Rule #13. - Rely on your own powers. If you can't see the point of your opponent's move, assume there isn't any.
- from "Pandolfini's 64 Rules of Chess"
I cannot understand Prime Minister Fukuda Yasuo's strategy or his mode of reasoning as regards the renewal of the temporary gasoline surcharges.
Indeed, after seeing him fumble through a response to the question of what he intends to do about the gasoline tax in the upcoming regular Diet session, it seems reasonable to assume that he has not given a moment's thought to the problem.
Let us see if we can think this through ourselves.
First, who would be thrilled at the extension of the nominally temporary 25 yen per liter tax on gasoline, set to expire on March 31?
- Bureaucrats (is there a source of revenue they will ever forego?)
- The Road Tribe of LDP legislators and their clients in the road construction industry - for they believe, with good reason, that they will be wiped out should they lose this ability to filch from the public's pockets
Now, who would be thrilled if the tax were allowed to expire?
- The remaining of the citizens and residents of Japan, say oh, about 115 million persons, 90 million of whom vote.
The weirdest thing about the ruling coalition's hesitation over whether or not to let the tax die? The lack of a clearcut rural vs. urban angle. Gasoline prices touch everyone. However, they have a particular impact on those living in rural areas. Persons in the chihō are dependent on their vehicles and buses to get around. It is inconceivable that more persons will benefit from the budgetary depredations of the Road Tribe and its host of clients than will benefit from the repeal of a highly regressive tax on the rural population's primary mode of transportation and a major factor of the cost of farming.
As for the LDP's best interests, it is impossible to believe it will be able to buy more votes through public works paid from out of the revenues collected by the tax than it will lose from voters furious at the tax's reimposition. The tax measure was meant to be temporary--and certainly would have never been imposed had gasoline prices been, as they are now, at record high levels.

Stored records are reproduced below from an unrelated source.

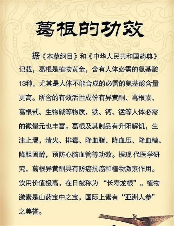 葛根内含12%的黄酮类化合物,如葛根素、大豆黄酮苷、花生素等营养成分,还有蛋白质、氨基酸、糖、和人体必需的铁、钙、铜、硒等矿物质,是老少皆宜的名贵滋补品,有“千年人参”之美誉。早在汉代张仲景的《伤寒论》中就有“葛根汤”这一著名方剂,至今仍是重要的解表方?!侗静菡濉肺礁鸶白钅芸⑵⑽盖逖糁?。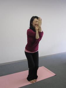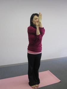 もう少し深く!という方は、さらに両手の平を合わせてみましょう。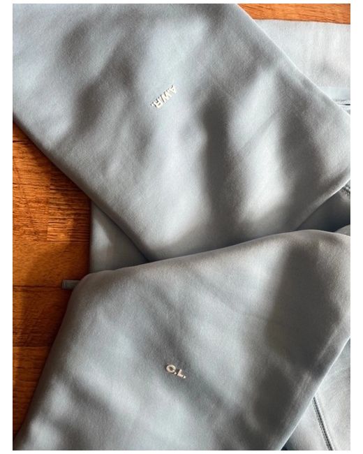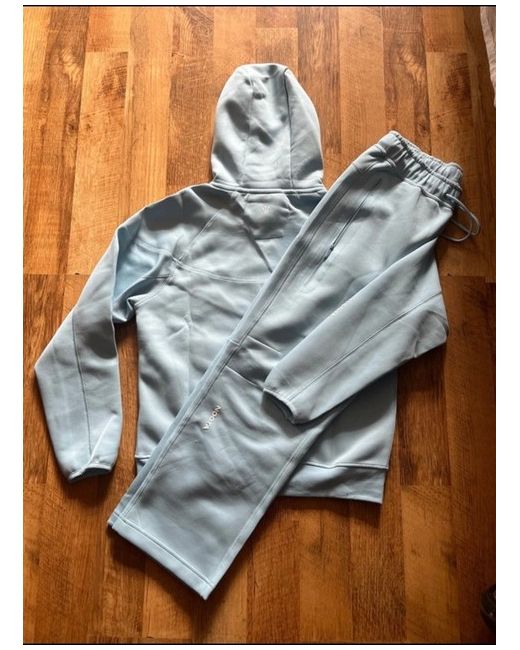 The Nike Nocta Tech Fleece in light blue is a 2-piece tracksuit set. Made from heavyweight cotton material, the set includes a hoodie and trousers with long sleeves and a zip accent detail. The machine washable pieces are in size L and feature the iconic Nike and Nocta brand logo, making them a stylish and comfortable choice for men looking for a quality tracksuit

Nevertheless, the PM's bureaucratic handlers in the Kantei and the idiot-savants in the LDP leadership seem to have clouded the PM's thinking on the matter. They argue that the country cannot live without the gasoline tax revenue--quite oblivious to the fact that by recycling the money through the clients of the Road Tribe, the government will be, to borrow Okumura Jun's phrase, "bribing the people with their own money."
One need only look at the gleeful faces of the DPJ to know that the Prime Minister is facing a Waterloo. The DPJ is going to town on the temporary gasoline tax renewal threat. It yesterday unveiled a 60 Diet member "Brigade to Lower Gasoline Prices," complete with printed banners and slogans.
Who could blame the Democrats for taking advantage of the situation? "Fighting for the needs of all instead of the profits for the few!" sure makes a hell of a House of Representatives election campaign slogan.
Is there no one near the PM with any political or economic sense at all--who is able to say to him, "Ever heard of Mancur Olson? No? Well, no matter. Imagine that you are surrounded by vampires telling you that the people need to submit themselves to mandatory blood donations. Now realize that you don't need to imagine that--because that is precisely the situation you are in."
Will the PM snap out of his trance in time? Or will the DPJ just laugh, as they were laughing yesterday, as the Cabinet immolates itself?